──────── Data in this exercise ────────

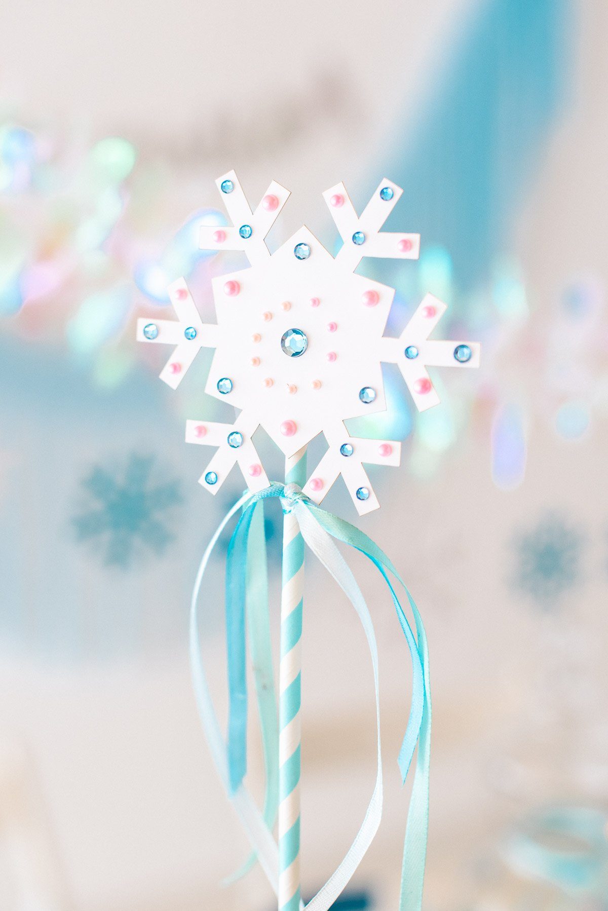 Für den Zauberstab werden die mitgelieferten Eiskristalle mit Glitzerkleber*, selbstklebenden Strassteinen*oder Pailettenbändern (*Affiliate) verschönert. Anschließend die Kristalle mit etwas Heißkleber auf die Papierstrohhalme kleben und farbige Satinbändern daran befestigen.
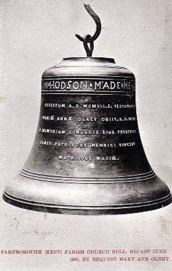 1664 Small bell cast by John Hodson. This became cracked in the past century and was stored in the porch until it was stolen in recent years. This was known as the "Tinker" bell.
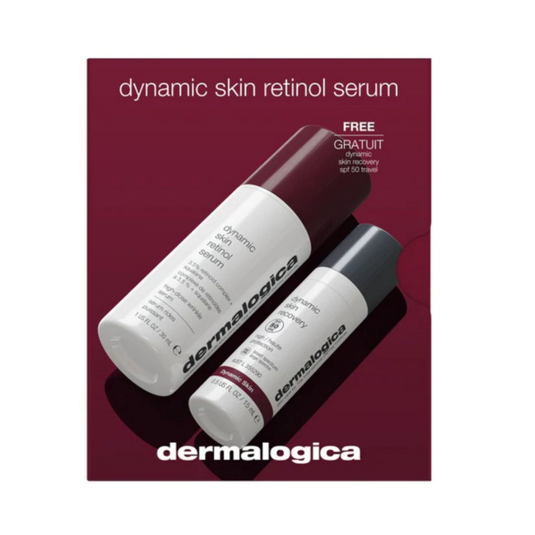 Our multi-benefit broad spectrum daily moisturizer with dynamic benefits hydrates, smooths, and protects skin against UVA and UVB rays. Dynamic Skin Retinol Serum features a 3.5% retinoid complex targeting wrinkles and working to retexturize skin, minimize the appearance of pores, and even skin tone.
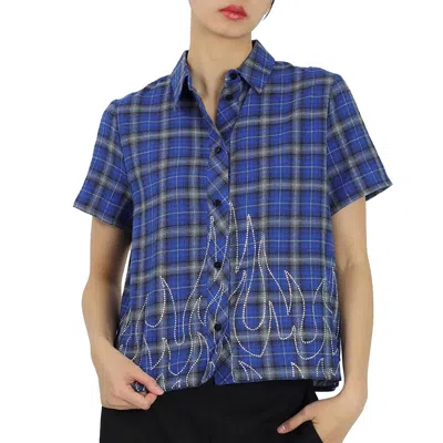 Filles A Papa Sequins Embroidery Top In Blue
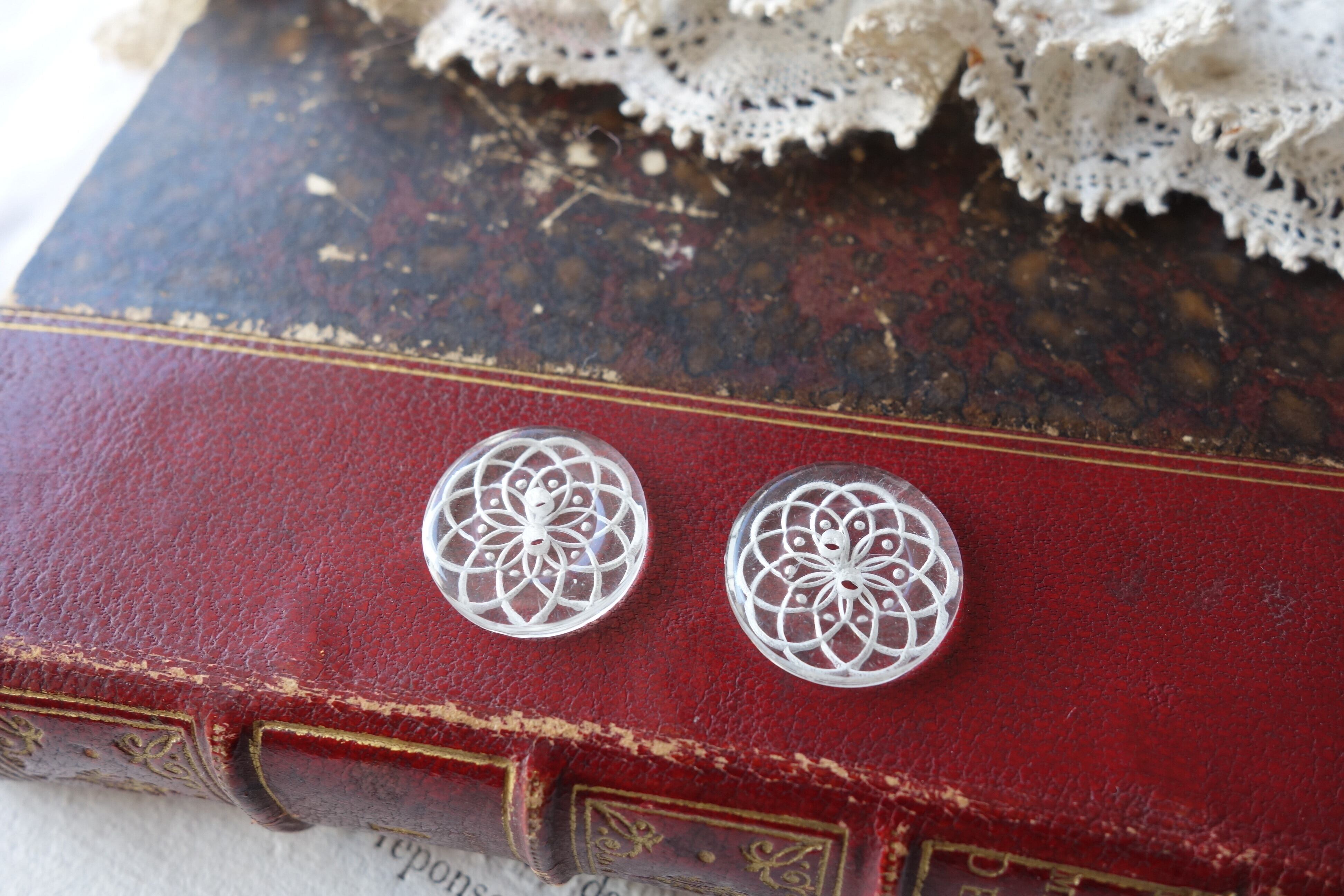 クリアボタンの裏側いっぱいに刻まれたフラワーモチーフ
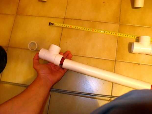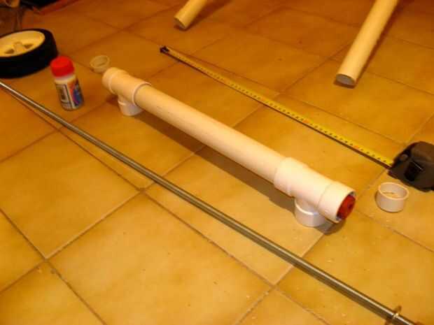 1) tomar el eje 3/4" PVC y ponerlo en el PVC de 40 mm como se muestra en la imagen. Presione duro, tiene que entrar en ella! (*)
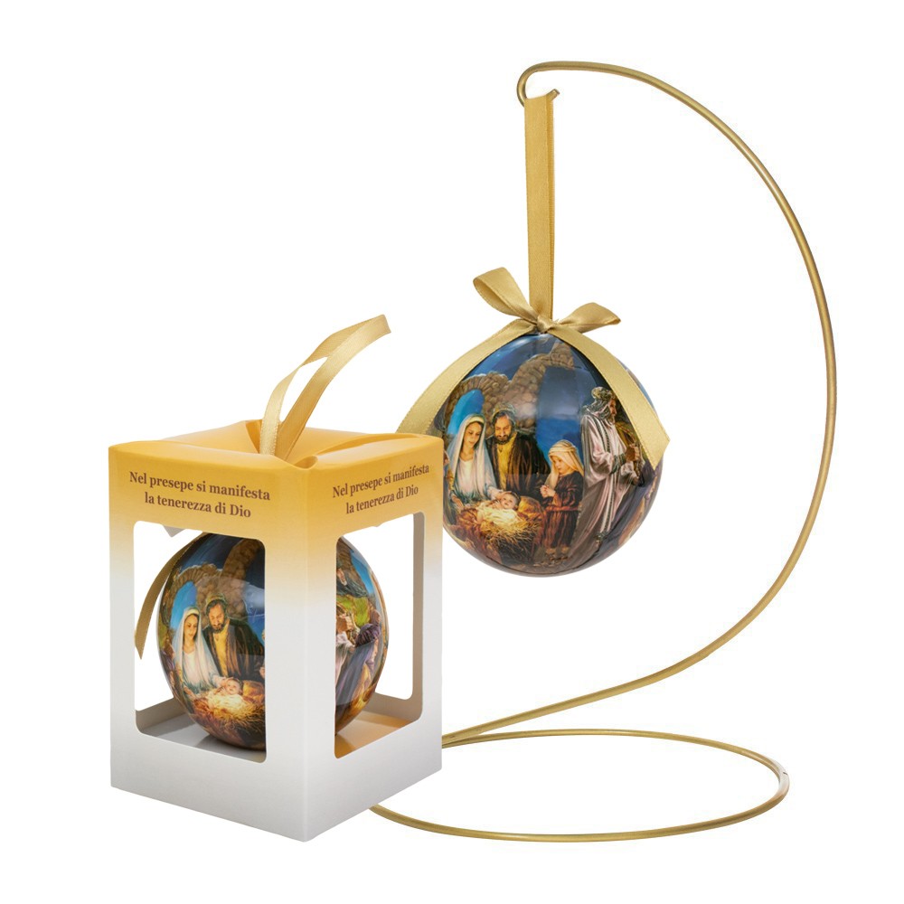 Palla natalizia diametro 7,5 cm, con scatola decorata.
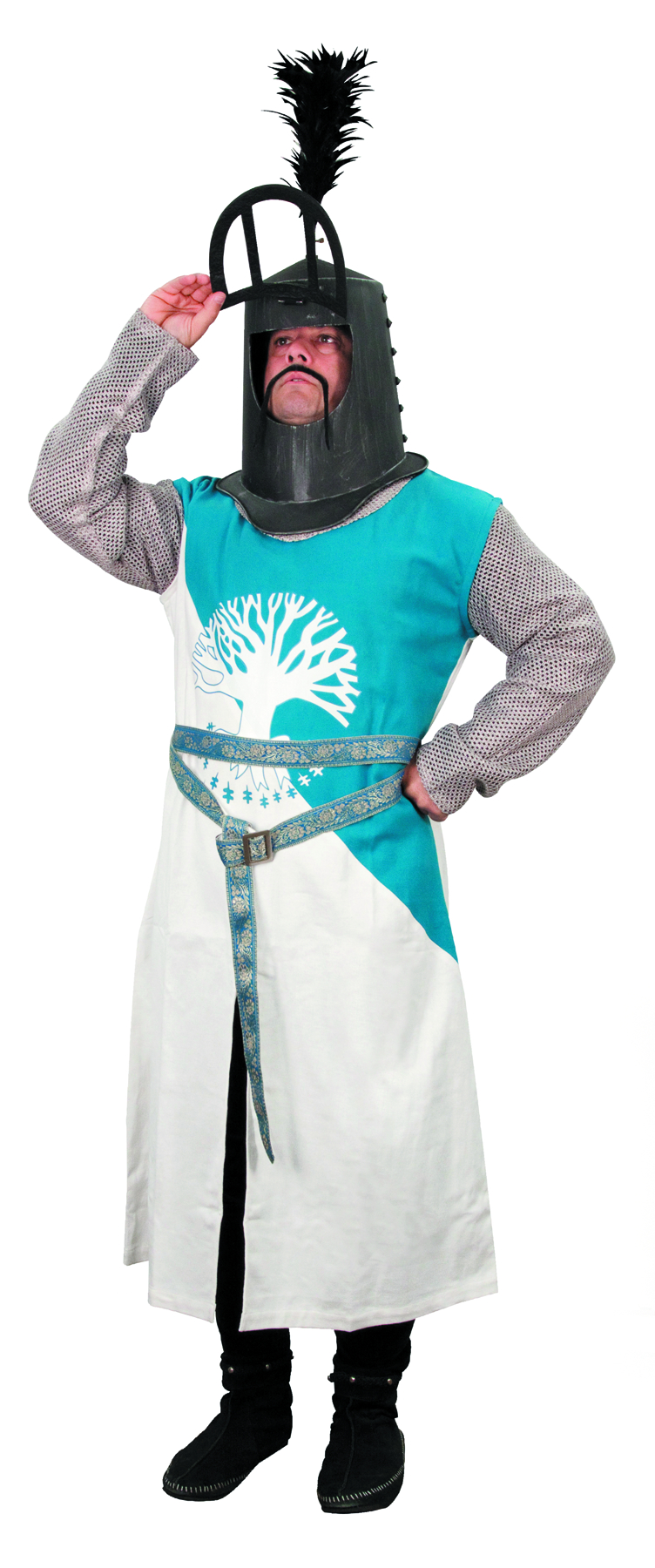 From Monty Python and the Holy Grail: The perfect ensemble for determining the validity of a witch! Made of soft 100% cotton, the tunic of Sir Bevedere has the coat-of-arms on the front and polyester faux steel chain mail sleeves sewn in. Comes with a faux chain mail mantle, while a hidden zipper in the back allows for easy on-and-off. A matching medieval knightly belt is included. Helmet sold separately. Small/Medium is ideal for people 5' 6" to 5' 11" tall, while the Large/X-Large is best for people 6' tall and over.
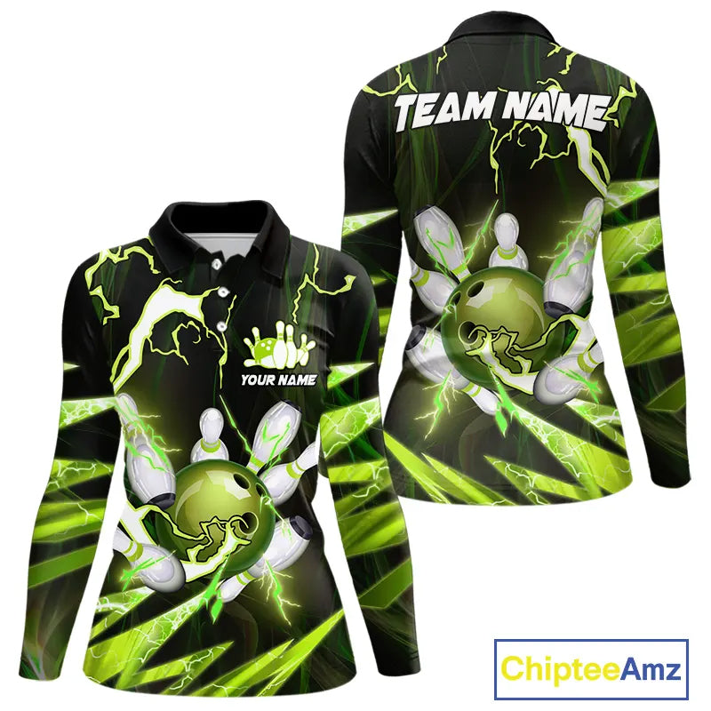 Green Thunder Lightning bowling ball and pins jersey Custom Team Bowling Polo, 1/4 Zip Shirt For Women NQS9832
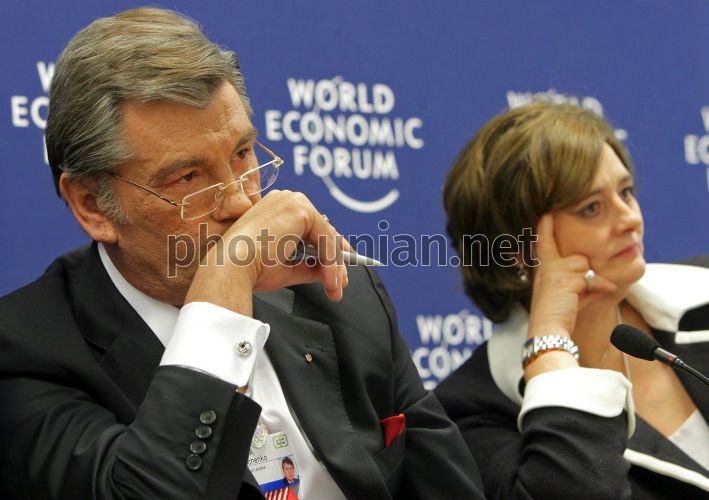 Президент України Віктор Ющенко та дружина колишнього прем'єр-міністра Велокобританії Тоні Блера, Чери, на сесії щорічного засідання Всесвітнього економічного форуму на тему “Права людини на всесвітньому порядку денному” в Давосі (Швейцарія) у четвер, 24 січня 2008 р. Фото Миколи Лазаренко / POOL / УНІАН

────────

Action item: An exact reproduction of every record above is required, with no pictures included.

Exercise solution:
 Für den Zauberstab werden die mitgelieferten Eiskristalle mit Glitzerkleber*, selbstklebenden Strassteinen*oder Pailettenbändern (*Affiliate) verschönert. Anschließend die Kristalle mit etwas Heißkleber auf die Papierstrohhalme kleben und farbige Satinbändern daran befestigen.
 1664 Small bell cast by John Hodson. This became cracked in the past century and was stored in the porch until it was stolen in recent years. This was known as the "Tinker" bell.
 Our multi-benefit broad spectrum daily moisturizer with dynamic benefits hydrates, smooths, and protects skin against UVA and UVB rays. Dynamic Skin Retinol Serum features a 3.5% retinoid complex targeting wrinkles and working to retexturize skin, minimize the appearance of pores, and even skin tone.
 Filles A Papa Sequins Embroidery Top In Blue
 クリアボタンの裏側いっぱいに刻まれたフラワーモチーフ
 1) tomar el eje 3/4" PVC y ponerlo en el PVC de 40 mm como se muestra en la imagen. Presione duro, tiene que entrar en ella! (*)
 Palla natalizia diametro 7,5 cm, con scatola decorata.
 From Monty Python and the Holy Grail: The perfect ensemble for determining the validity of a witch! Made of soft 100% cotton, the tunic of Sir Bevedere has the coat-of-arms on the front and polyester faux steel chain mail sleeves sewn in. Comes with a faux chain mail mantle, while a hidden zipper in the back allows for easy on-and-off. A matching medieval knightly belt is included. Helmet sold separately. Small/Medium is ideal for people 5' 6" to 5' 11" tall, while the Large/X-Large is best for people 6' tall and over.
 Green Thunder Lightning bowling ball and pins jersey Custom Team Bowling Polo, 1/4 Zip Shirt For Women NQS9832
 Президент України Віктор Ющенко та дружина колишнього прем'єр-міністра Велокобританії Тоні Блера, Чери, на сесії щорічного засідання Всесвітнього економічного форуму на тему “Права людини на всесвітньому порядку денному” в Давосі (Швейцарія) у четвер, 24 січня 2008 р. Фото Миколи Лазаренко / POOL / УНІАН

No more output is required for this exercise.